Am, But, & Other Uncertainties [Bantawan Theatre Staging]



PROJECT PROFILE
Time: approx. 40 mins. December 8, 9, and 10, 2010
Space: Bantawan Sugbu Theatre, Cebu City
Credits: [Music]"Mining in the Rain" by Colleen, "The Dance Of The Skeleton Lords" by Tibetan Monks of Drepung Loseling Monastery, "Crazy in Love" by Antony Hegarty, "Fletta" by Antony & the Johnsons Feat. Brk, Original Aleatoric Saxophone – Prof. Raymund Fernandez (XO?)
Collaborators: Raymund Fernandez
Video Documentation: He[sit]ation / Am, But
Photo Documentation: Sam Kho / Mecca Maranga

It was the precision and minimalism of Noh theatre that first drew me to the Japanese performance style. I experimented with basic Noh movements and incorporated them into my performances including the kimono-based costuming. Despite this appropriation, my own kinetic visual language remained heavily dependent on the aleatoric music provided by my fellow XO? members, in that my movements were reactions to the sound they produced and vice versa.

I described my body movements “organic” as they were all bound by chance, not only due to the accompanying sound but also in terms of space, costuming, my own state of mind and other unprecedented factors.

When I chanced upon Butoh, I realized that the art form and its creators had very similar intentions with mine as far as dance; movement and its subjects were concerned. I have always held a fascination with the grotesque, how it typifies so much more truth, and in its abundance of truth- revealed beauty. Instead of stubbornly insisting on my goals as entirely original, I embraced and adopted Butoh as the form in which this aspect of my work is classified.

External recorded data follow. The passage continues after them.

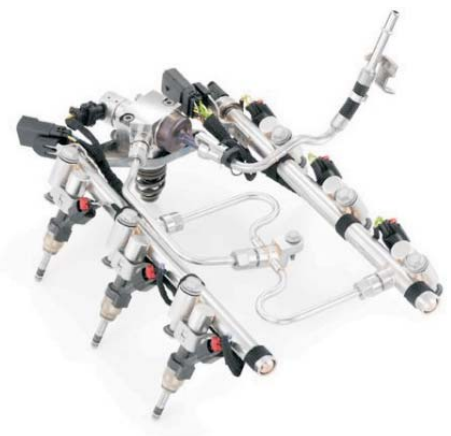
Fig 2. DI Pump and Fuel Rail Assembly

Software updates for Rinda Technologies service tools related to diagnosing and servicing DI engines are available. Please contact us for details or visit our website at www.rinda.com .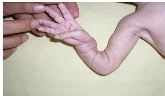
Figure 2 Proximal insertion of the thumb, arachnodactyly with flexed thumb, and incomplete skin folds in the forearm.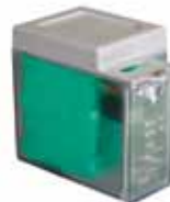
Emergency battery kit XBAT 24 (not for E 124)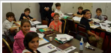
SUNDAY SCHOOL MAKING AN IMPRESSION ON OUR YOUTH PAGE 3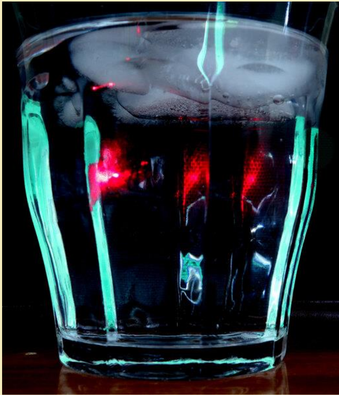
855-Bob Estey – water failure2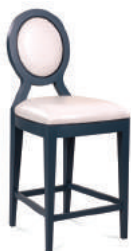
Bastille Bar/Counter Stool Page 40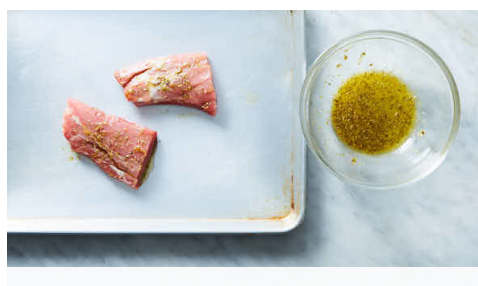
1. Marinate pork

Nutrition per serving Calories 740kcal, Fat 44g, Carbs 44g, Protein 47g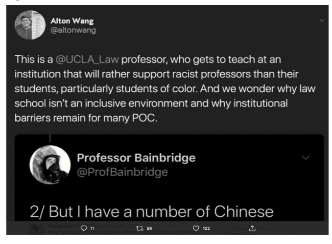
Figure 4: Tweet posted by Alton Wang in response to Stephen Bainbridge blocking him on April 10, 2020

Figure 3: Tweet posted by Alton Wang in response to Stephen Bainbridge's April 6 Tweets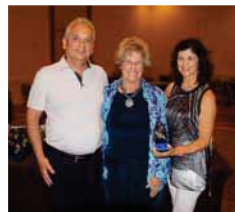
1st - Two Star Latin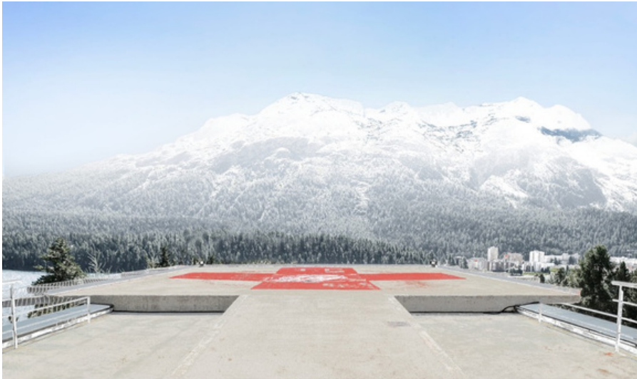
Nomad St. Moritz 2025

Nomad St. Moritz is a fair that combines art, architecture and design, where we explore the most innovative works of international artists and designers. It stands out for its strong research, conceived to offer an alternative experience to traditional art fairs. Its philosophy lies in the desire to redefine the way art is experienced, transforming fruition into an authentic and immersive experience.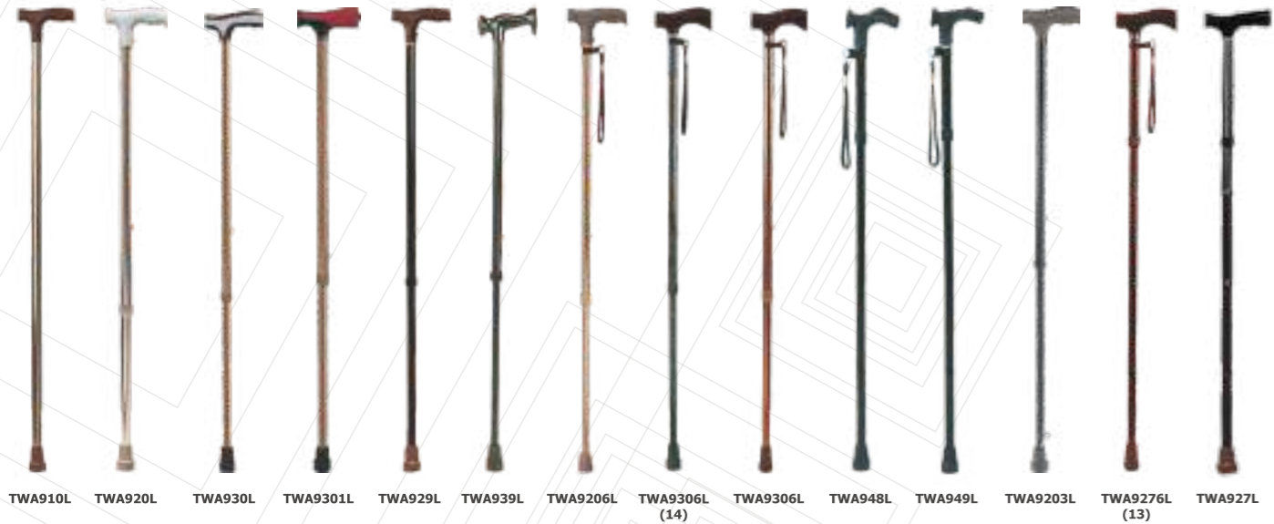
TWA910L TWA920L TWA930L TWA9301L TWA929L TWA939L TWA9206L TWA9306L (14) TWA9306L TWA948L TWA949L TWA9203L TWA9276L (13) TWA927L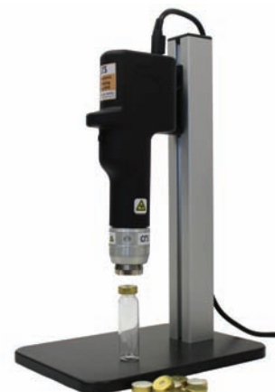
Base and Mounting Kit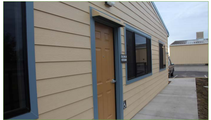
Four students will occupy the Reedley College Herdsman Housing unit beginning early next year.

Furniture has been ordered for the Herdsman Housing, a home that will house students who work on the campus farm in exchange for residency. The Herdsman Housing is a new four-room residence that is located at the southern end of the campus directly east of the pavilion building. A ribbon-cutting ceremony for the Herdsman Housing will be held in January.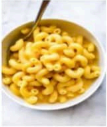
Mac and Cheese $5.29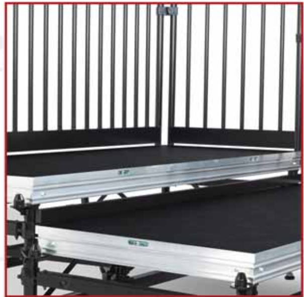
Detailed View of Chair Stop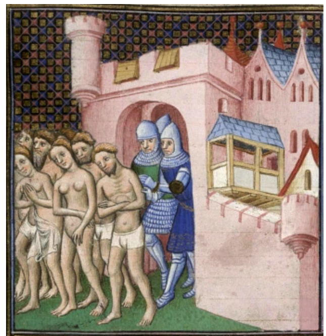
Figure 2: Expulsion of the inhabitants from Carcassonne in 1209. Image taken from Grandes Chroniques de France

https://upload.wikimedia.org/wikipedia/commons/e/e4/Cathars_expelled.JPG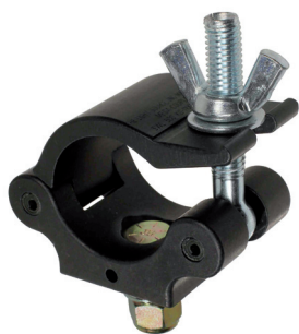
Mega-Coupler 1/2" Hex Head Bolt With Steel Wing Nut Black Anodized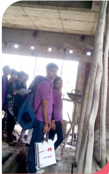
Observing formwork of building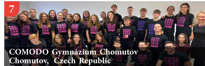
7 COMODO Gymnázium Chomutov Chomutov, Czech Republic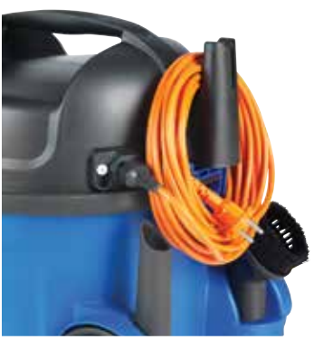
Detachable orange cord and cord hook for controlled storage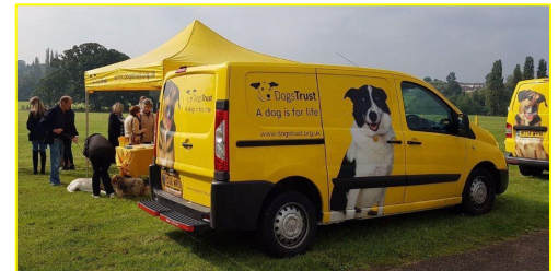
Dogs Trust Dog Chipping Event on 19 th September 2017 in Danson Park where there was also recruiting for HoundWatch and collecting signatures to save our police station.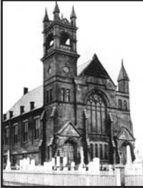
Bethel United Methodist Church 7033 Amboy Road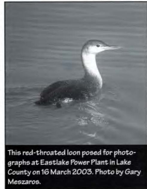
This red-throated loon posed for photographs at Eastlake Power Plant in Lake County on 16 March 2003.

In 2003 more observers were afield, and communications easier (60+ observers contributed to our 90+ reports), so comparisons as to the magnitudes of the incursions are difficult. In his summary, Harlan compared 1994's 100+ birds with only ~250 recorded in the entire previous history of Ohio ornithology, suggesting the 1994 phenomenon might have been unique at the time.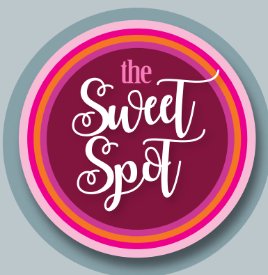
The Sweet Spot All new stage showcasing all things sweet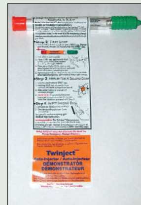
Figure 2: Twinject auto-injector.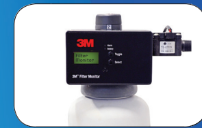
BH3M-NPT Head 6240809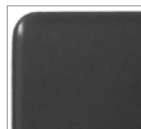
CHA – Charcol

With Butoh, I find a more honest approach to dance, and a deeper connection between body and soul. When I dance, it becomes less of a physical action but more of a spiritual revelation. The three performances discuss universal confrontations with the self: He[sit]ation is a battle between two choices. Am, but (my cards on the table) is a laying out of what one has, and consequently what one lacks, a calculation of the self. As in finding a solution to a mathematical equation, the character seeks to find a resolution for his existential dilemma. Fletta is a surrender to the unknown universal and the inevitable, a dance inside the delicate web of love.